Thursday, 2 April 2015

Tinieblas for Maundy Thursday A.D. 2015

The Office of DarknessOfficium Tenebrarum or Officium Tenebrae in Latin—comprises the offices of matins and lauds traditionally sung or recited in the evening for the last three days of Holy Week, what we call the Sacred Triduum. In the Philippines, this office is called in its Spanish name, tinieblas, which has also lent its name, at least in some localities, to the large wooden clapper installed in the belfries of those times, more widely known as matracas, apparently because when the time of the customary noise was come, the belfry clapper was also sounded. The tinieblas are sung at the Parish of the Holy Family in the Diocese of Cubao by members of the Cappella Gregoriana Sanctae Caeciliae olim Xicatunensis at 8:00 in the evening.

A very familiar contraption used in the tinieblas is the tenebrario, what we call in Latin as the candelabrum triangulum and in English as the tenebrae hearse. It holds fifteen sockets and must support fifteen candles, which are one by one extinguished at the end of each psalm (nine from matins, five from lauds) until only the topmost candle remains burning. This topmost and centre candle is not seldom referred to as the Christ candle.

Below is the Lectionarium tenebrale pro Tridui Sacri matutinis proper to the schola singing the tinieblas, containing the notations of all the lessons sung during the office.

The tinieblas begins with all fifteen candles on the hearse and all six candles on the altar lit.

Matins is divided into three nocturns, with each nocturn having three psalms.

After each psalm, one of the candles on the hearse is extinguished. This gradual extinction of the candles, if we build on the premise of the Christ candle, signifies the departure and flight of our Lord’s apostles and disciples in the events close to His Blessed Passion. One by one light of the candles disappear, until only one—Christ alone in His sorrow, but firm in His promise of redemption—remains.

At the end of each nocturn, three lessons are sung. The lessons of the first nocturn come from the Prophet Jeremias; those of the second nocturn from Saint Augustine; and those of the third nocturn from Saint Paul.

After each lesson, a responsory is sung.

When the last responsory of matins has been sung, lauds customarily follow immediately, and the remaining five candles (with the exception of the centre candles) are extinguished at the end of each psalm.

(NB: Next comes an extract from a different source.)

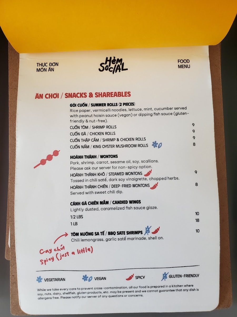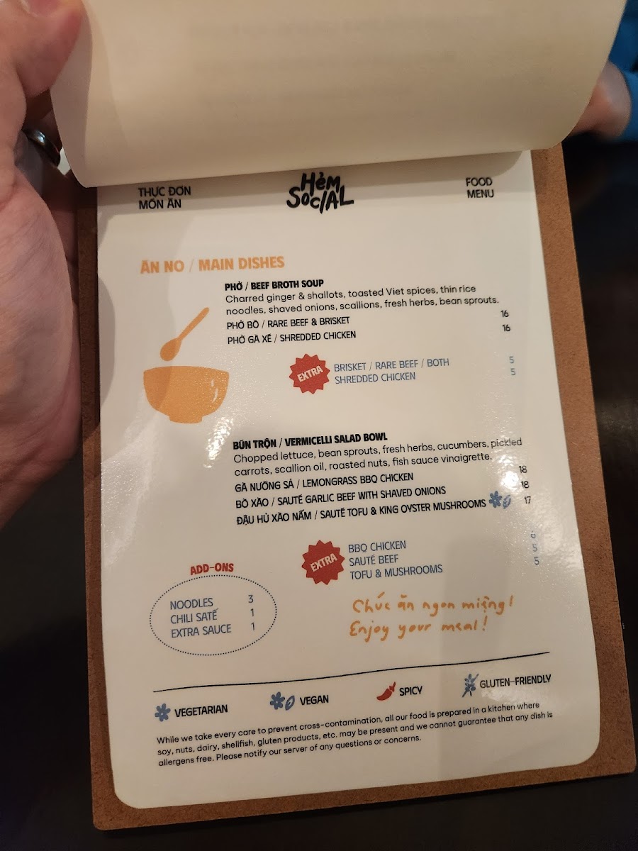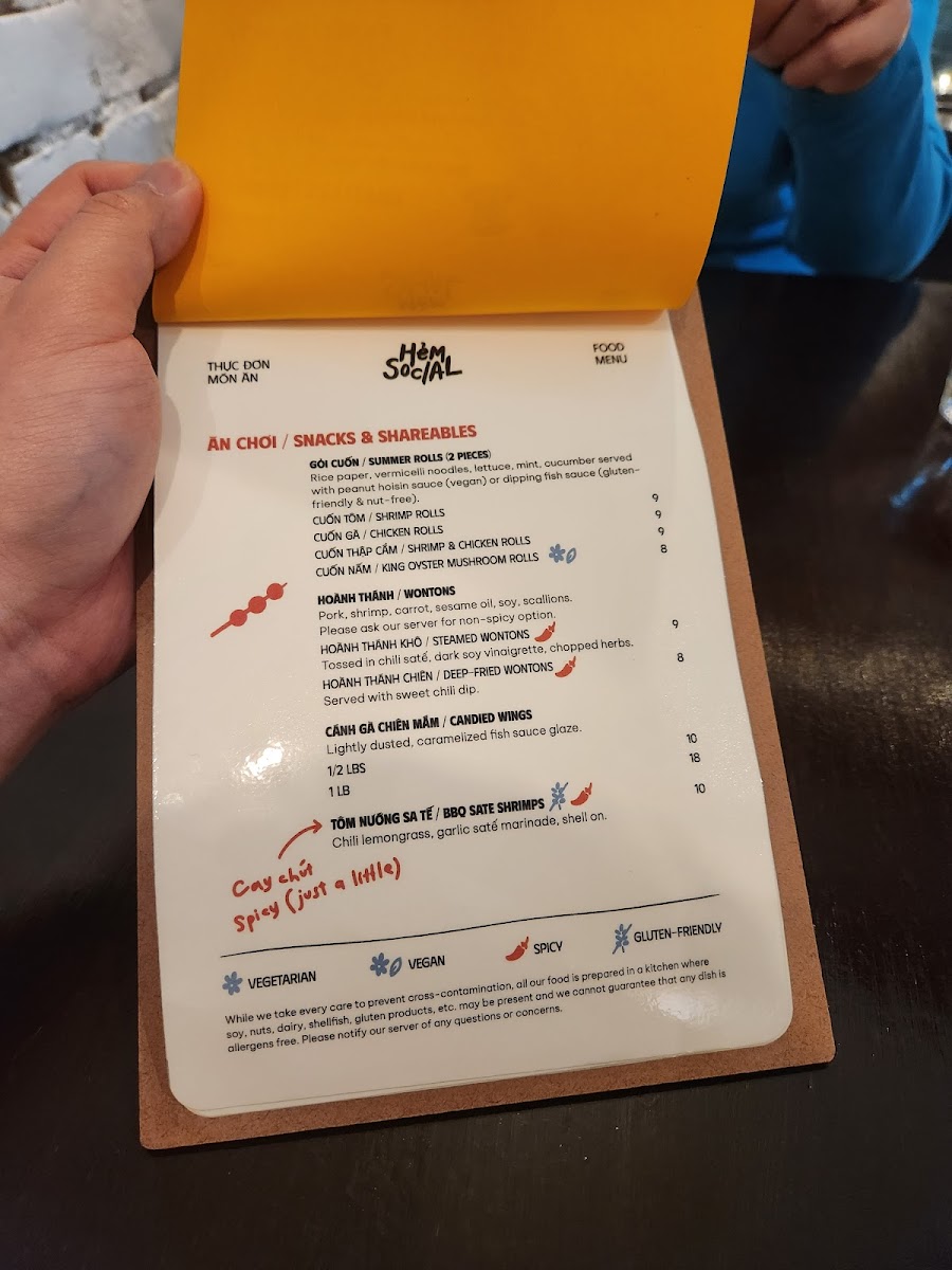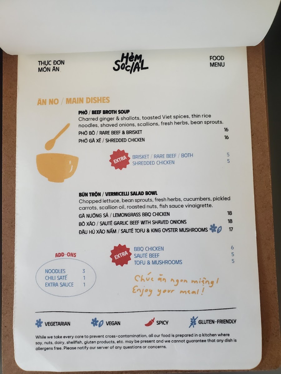 From a reviewer’s perspective, Hem Social’s menu offers a vibrant exploration of Vietnamese flavors, balancing classic comfort dishes with thoughtful plant-based options. The Viet Slaw / An Gỏi selections-Sauté Beef & Onion Slaw / Bò Bóp Hành, Shrimp Papaya Slaw / Gỏi Đu Đủ, Chicken Cabbage Slaw / Gỏi Gà Bắp Cải, and Make It Vegan / Gỏi Chay-set a fresh, tangy tone for the meal. Their Viet Sandwiches / Bánh Mì, including Sauté Garlic Beef Sandwich With Shaved Onions, Lemongrass BBQ Chicken Sandwich, and Sauté Tofu And King Oyster Mushroom Sandwich, offer approachable yet flavorful options ideal for lunch or a casual bite. For heartier fare, the Main Dishes / Ăn No category delivers satisfying bowls: Sauté Tofu And King Oyster Mushrooms Vermicelli Bowl / Đậu Hủ Xào Nấm (Vegan), Lemongrass BBQ Chicken Vermicelli Bowl / Gà Nướng Sả, and Sauté Garlic Beef With Shaved Onions Vermicelli Bowl / Bò Xào, as well as comforting soups like Rare Beef And Brisket Pho Soup / Phở Bò and Shredded Chicken Pho Soup / Phở Gà Xé. For sharing or snacking, the An Chơi options are a highlight, featuring Shrimp Rolls / Cuốn Tôm, BBQ Sate Shrimps / Tôm Nướng Sa Tế, King Oyster Mushroom Rolls / Cuốn Nấm (Vegan), Deep-Fried Wontons / Hoành Thánh Chiên, and Candied Wings / Cánh Gà Chiên Mắm. Complementing these dishes, the beverage lineup ranges from Pop / Nước Ngọt and Coconut Water / Nước Suối to Sparkling Water / Nước Khoáng, with iced drinks like Kumquat Lemon Tea / Trà Tắc Chanh, Lychee Tea / Trà Vải, and Vietnamese coffee options including Vietnamese Coffee / Cà Phê Sữa, Vietnamese White Coffee / Bạc Sỉu, and Sea Salt Foam Vietnamese Coffee / Cà Phê Muối. Overall, Hem Social’s menu is a well-curated mix of fresh, savory, and indulgent flavors that cater to a wide range of tastes, from vegan-friendly bowls to classic meaty favorites, making it a versatile spot for both casual dining and small-group sharing.

During the Benedictus, the six altar candles are likewise extinguished, leaving the centre candle on the hearse as the only candle burning.

At the repetition of the antiphon to the Benedictus, this candle is taken and hidden away until the last collect has been said, and all the lights in the church are extinguished. The customary din and crash—in Latin, fragor et strepitus—follows, signifying the consternation of nature at the moment of our Saviour’s death, when the skies darkened and the ground shook. The noise only stops when the candle, hidden away before, is borne back to the hearse—a lone light in the darkness of the church, just as Christ is the lone Light Who shines bright amid the dense darkness of the world.

The rest of the office will be sung in the subsequent days.

Ut in omnibus laudetur Dominus.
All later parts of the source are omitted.